Monday, June 11, 2012

The Road

Cormac McCarthy's The Road is a tough read. It takes away all the action, oddity, and adventure that most post-apocalyptic novels deliver, and leaves in just the bleakness. And yet, it's really about more than that; it's about how, when everything else is gone, what you have left is your love for people, and how that alone is enough to live for.

It's the story of a father and his son, trying to survive in the ashes of our civilization. Something happened, and civilization ended, and most people just died. Most of the survivors have joined murderous gangs or insane cults. The father and his son are just traveling through the remains of our civilization. They are, they remind themselves, "The Good Guys", who "carry the flame". They struggle to find food and shelter, day after day. The son was born after the end of civilization; he has only ever known this world, and has spent his entire life only in the company of his parents. Through this hopeless, dangerous, terrible world, they keep each other going, and each is the reason the other keeps going.
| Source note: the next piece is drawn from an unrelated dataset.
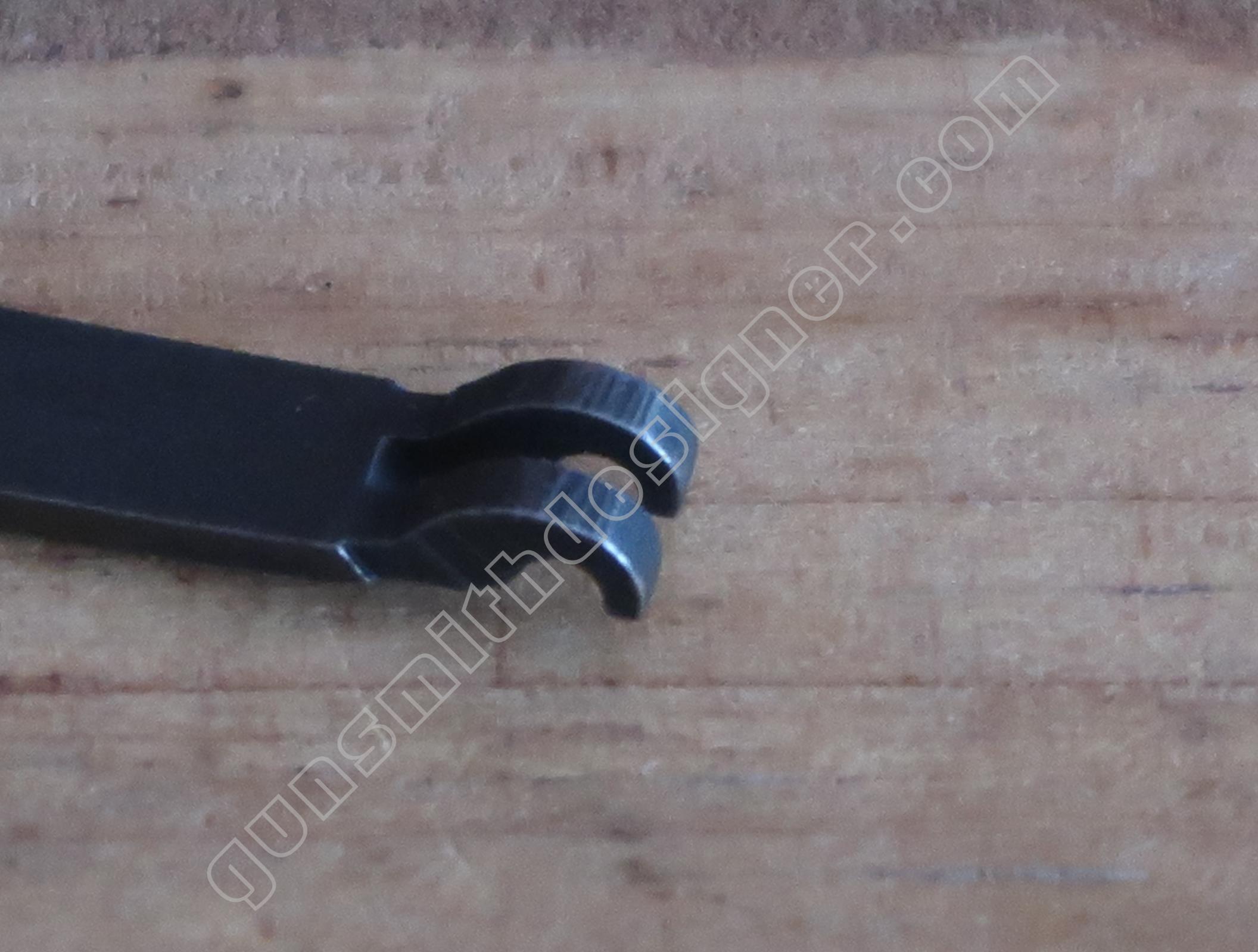 Une surface est particulièrement importante. On la voit sur une des photos ci-dessous, c’est la seule surface qui ne possède pas de bronzage. C’est elle qui est au contacte du marteau et qui participe au verrouillage.
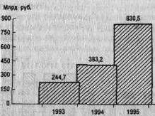Рис. 3. Динамика денежных доходов населения в регионе за 1993-1995 гг.

I found this novel hard to put down. I read most of it today, and I don't often read most of a novel in a day. I've got a presentation to prepare for (the first presentation I'll be giving on my PhD topic), and I should have been spending my evening doing that, but instead I just read. It's a novel I've heard about often, and have been warned about the overwhelming bleakness of it, and how depressing it is to read, but that's not what I got from this book. To me, it was more about the bonds of family, and the love of a parent for their children. It's a harrowing, but it reminds you of what is important in life.